> **Prompt**
Please return every line of the records below that contains the word "Antun".

Stored records
● ● ● ● ● ● ●
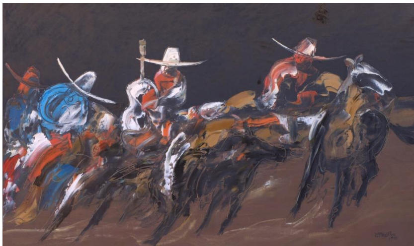
Ilton Silva, acid Lida de peão 100 x 60 cm. Óleo sobre Tela 1995

Estado de origem. O fato de, no Catálogo, ter sido reproduzida a foto da expressiva tela A luz e o cavalo , de 1982, ausente na mostra, é mais outra ocorrência insólita e inexplicável.
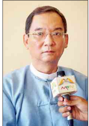
ဒေါက်တာ သိန်းဝင်း

ရခိုင်ပြည်နယ်၌ အဆင့်မြင့်ပညာသင်ကြားနေသည့် ကျောင်းသား ကျောင်းသူများ တိုးပွားလာမှုကြောင့် ရခိုင်ပြည်နယ် ဖွံ့ဖြိုးတိုးတက်ရေးအတွက် စာသင်ဆောင်များ၊ ကျောင်းသား အိမ်ဆောင်များ၊ ဝန်ထမ်းအိမ်ရာများကို လာမည့် ဘဏ္ဍာနှစ်များတွင် တိုးချဲ့တောင်းခံသွားမည်ဖြစ်ကြောင်း အဆင့်မြင့်ပညာဦးစီးဌာနမှ သိရသည်။
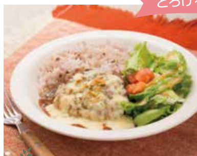
とろけるチーズが旨っ!
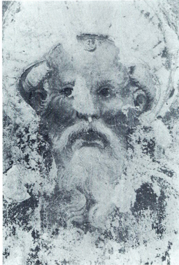
Antonio Veneziano (?), Sv. Antun Opat, (detalj), Zadar, Crkva Sv. Šime

U tom svjetlu, dva, do sada nepoznata dokumenta datirana 17. i 20. srpnja 1388. godine, u kojima se kao svjedok spominje slikar Antun iz Venecije, stanovnik Zadra, 4 dobivaju na značenju. Naime, u to doba, jedini slikar tog imena podrijetlom iz Venecije je
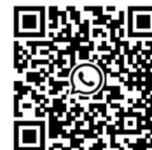
Deelnemen aan Whatsapp-groep "Vogelwerkgroep Berkelland"
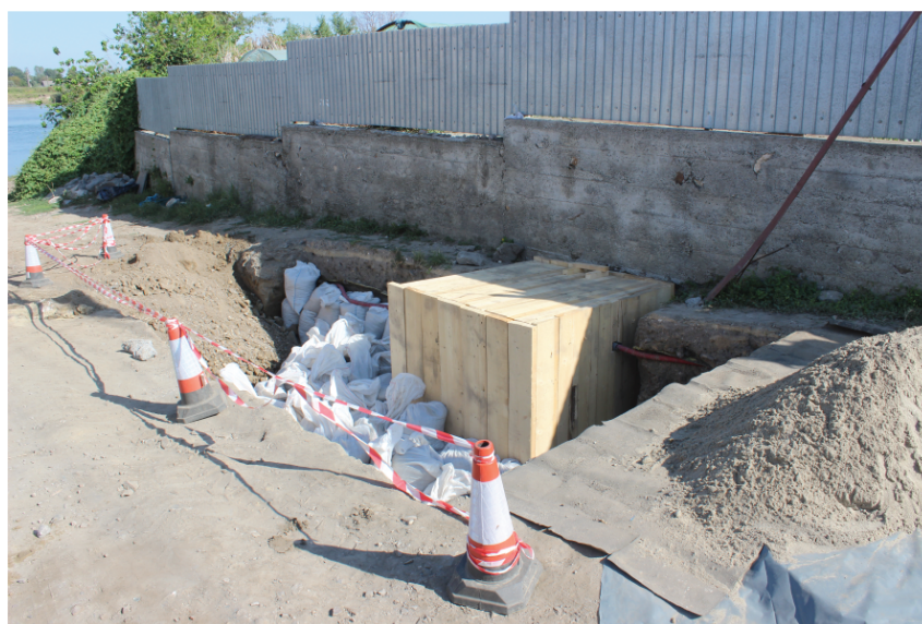
Fig. 15. Nufăru. Str. Ulmului, 2017. Tronson din cortina bizantină de nord. Caseta destinată intervențiilor reparatorii asupra porțiunii de zid distruse și pregătirea pentru astuparea cu pământ a suprafeței deschise.
● ● ● ● ● ● ●
> **Expected answer**
Antonio Veneziano (?), Sv. Antun Opat, (detalj), Zadar, Crkva Sv. Šime
U tom svjetlu, dva, do sada nepoznata dokumenta datirana 17. i 20. srpnja 1388. godine, u kojima se kao svjedok spominje slikar Antun iz Venecije, stanovnik Zadra, 4 dobivaju na značenju. Naime, u to doba, jedini slikar tog imena podrijetlom iz Venecije je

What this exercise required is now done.